Not long had I been using my new plugin when I discovered it made this happen when trying to eager-load on a many-to-many association:
SELECT DISTINCT news_stories.id
FROM news_stories
LEFT OUTER JOIN countries_news_stories
ON countries_news_stories.news_id = news_stories.id
LEFT OUTER JOIN countries
ON countries.id = countries_news_stories.country_id
INNER JOIN countries_news_stories
ON news_stories.id = countries_news_stories.news_id
WHERE (countries_news_stories.country_id = 30)

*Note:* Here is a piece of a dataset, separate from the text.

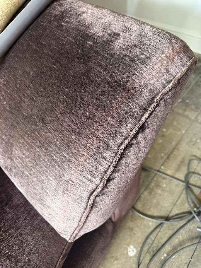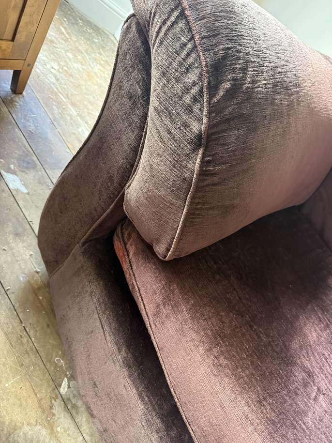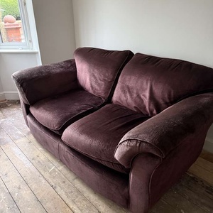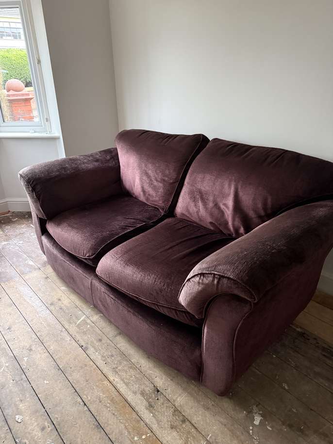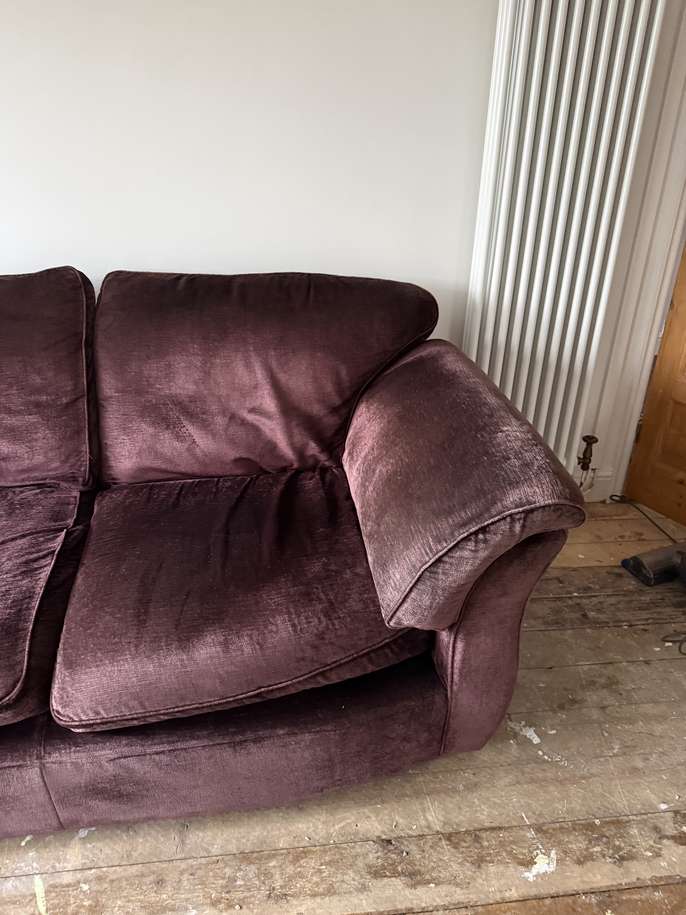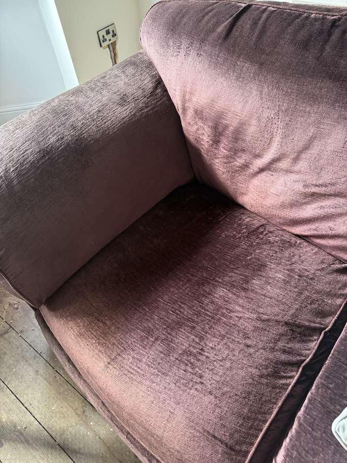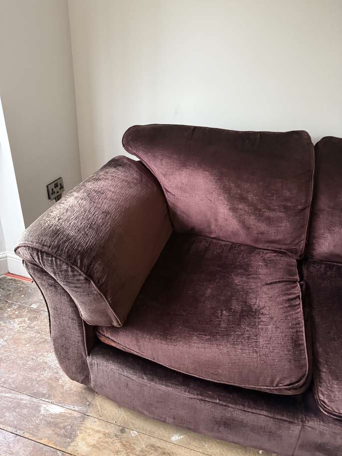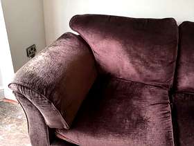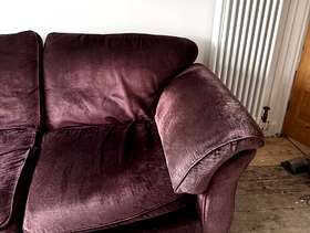 Marks and Spencer 3 piece velour suite. Plum colour. No rips or tears. Fire label. Some fading under and on the arms but very comfy.

which is what happens if you ask for
Country.find(30).news_stories.find(:all, :include => :countries)
The SELECT DISTINCT
and INNER JOIN ... WHERE
parts are what fetch the news
stories for country #30. The LEFT OUTER JOIN
parts are the eager loading of
all the countries for each news story. Isn’t SQL fun.
This seems like a perfectly reasonable thing to want to do: I know each news
story is only linked to a handful of countries at most, so eager loading them
isn’t going to grind the database to a halt. The problem is that Rails
constructs an ambiguous statement – I’m joining the countries_news_stories
table, with the same alias, twice. MySQL doesn’t know what to do with that,
and nor should it. That statement will create duplicate column names in the
result set, which is why we’re not allowed to run it without aliasing the table.

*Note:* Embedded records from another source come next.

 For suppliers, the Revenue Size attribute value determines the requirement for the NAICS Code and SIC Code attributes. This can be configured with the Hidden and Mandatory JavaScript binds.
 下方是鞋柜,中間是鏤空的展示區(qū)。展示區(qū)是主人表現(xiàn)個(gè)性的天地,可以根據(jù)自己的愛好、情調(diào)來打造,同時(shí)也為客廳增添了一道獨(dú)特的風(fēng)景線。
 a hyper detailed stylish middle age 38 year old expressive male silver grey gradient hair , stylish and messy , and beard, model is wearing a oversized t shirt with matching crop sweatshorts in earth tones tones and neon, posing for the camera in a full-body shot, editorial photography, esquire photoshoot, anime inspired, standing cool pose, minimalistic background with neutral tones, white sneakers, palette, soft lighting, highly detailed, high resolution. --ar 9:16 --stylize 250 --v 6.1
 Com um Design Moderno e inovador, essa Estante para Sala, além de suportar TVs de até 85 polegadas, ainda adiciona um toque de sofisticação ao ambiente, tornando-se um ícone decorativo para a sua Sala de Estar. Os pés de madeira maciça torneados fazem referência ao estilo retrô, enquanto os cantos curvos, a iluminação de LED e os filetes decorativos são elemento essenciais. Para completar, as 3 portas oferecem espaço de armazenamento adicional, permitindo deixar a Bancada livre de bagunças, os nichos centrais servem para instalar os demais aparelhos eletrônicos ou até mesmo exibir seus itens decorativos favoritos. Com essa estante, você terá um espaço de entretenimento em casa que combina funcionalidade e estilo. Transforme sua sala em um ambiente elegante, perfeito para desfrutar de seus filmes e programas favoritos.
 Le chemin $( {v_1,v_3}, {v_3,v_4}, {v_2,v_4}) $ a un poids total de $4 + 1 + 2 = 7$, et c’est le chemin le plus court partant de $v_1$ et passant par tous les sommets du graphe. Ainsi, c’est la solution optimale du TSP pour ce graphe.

That is, giving it a different name each time we use it by saying JOIN
countries_news_stories AS table_1
or some such. This may have something to do
with this Rails bug, though I can’t be sure until I’ve written some tests.

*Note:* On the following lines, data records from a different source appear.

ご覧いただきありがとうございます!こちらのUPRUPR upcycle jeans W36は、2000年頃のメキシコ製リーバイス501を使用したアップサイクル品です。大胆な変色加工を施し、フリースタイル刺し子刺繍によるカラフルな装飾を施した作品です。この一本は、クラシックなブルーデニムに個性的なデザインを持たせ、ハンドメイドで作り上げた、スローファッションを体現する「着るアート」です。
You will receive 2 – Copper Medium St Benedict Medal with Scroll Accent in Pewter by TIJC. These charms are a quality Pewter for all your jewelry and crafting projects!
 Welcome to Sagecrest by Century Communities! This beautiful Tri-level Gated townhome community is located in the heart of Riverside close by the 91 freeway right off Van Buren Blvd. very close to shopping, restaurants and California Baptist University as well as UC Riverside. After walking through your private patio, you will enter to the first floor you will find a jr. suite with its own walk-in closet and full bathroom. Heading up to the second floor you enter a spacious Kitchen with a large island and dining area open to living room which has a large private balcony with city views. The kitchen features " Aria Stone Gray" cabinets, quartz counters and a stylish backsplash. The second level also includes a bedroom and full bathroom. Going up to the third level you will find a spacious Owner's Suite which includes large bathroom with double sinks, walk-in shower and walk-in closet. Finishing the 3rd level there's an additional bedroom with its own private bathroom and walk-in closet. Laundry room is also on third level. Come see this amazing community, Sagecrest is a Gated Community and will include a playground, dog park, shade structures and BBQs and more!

Assuming I’m not going to see a copy of Rails with the bugs fixed for some time, and I want to develop against a stable version, what can I do? As far as I can tell, my options are as follows.
A. Leave my plugin as it is, and if people want to do silly things like eager
load anything but a belongs_to
association, then it’s up to them to deal with
it. Generally, eager loading has_(and_belongs_to_)many
associations is risky
because you don’t know how big a list of records you’ll be trying to fetch and
it could bog down the database. I don’t really like this option, as I’d quite
like to eager-load in this particular instance.
B. Before any find
operation hits the database, rewrite any HABTM :includes
as :joins
statements with numeric table aliases. This has the disadvantage
that, because you’re screwing around with table names, the result set columns
won’t get mapped to the methods on the returned objects and you’ll end up
re-fetching the data from the database anyway. That’s what the Rails docs say,
but I’ve found that doing this does cut down database time in my case. I have a
page of news articles for a particular country, each of which has to display a
list of all the countries it’s linked to (see the query up top). Eager loading
the countries for each story cuts down on database queries but doesn’t get rid
of all of them. The other downside is that it’s a terrible hack involving
hand-writing a mass of SQL and inserting table aliases as required.
C. Let find
s hit the database without doing anything, then catch the
StatementInvalid
exception thrown if an invalid statement is generated and try
to rewrite the query using plan B. I assmue it’s impossible to test for invalid
statements before they hit the database. The whole point is that the statement
in question is ambiguous and cannot be parsed properly by the database. I don’t
imagine that trying to parse it in Ruby is going to be any more successful. This
option would have the upside that if no exceptions are thrown, the result set is
cached properly and your method calls won’t generate extra database hits. The
downside is that handling ambiguous statements now involves two trips to the
database. I have no idea whether the pros outweight the cons with this
technique.
I’m going to write some unit tests for Rails to see if this is a bug in the framework rather than a peculiarity of my application, then I’ll try out plan C on my project tomorrow. I’ll let you know how it went after I’ve made the necessary changes to IncludeByDefault.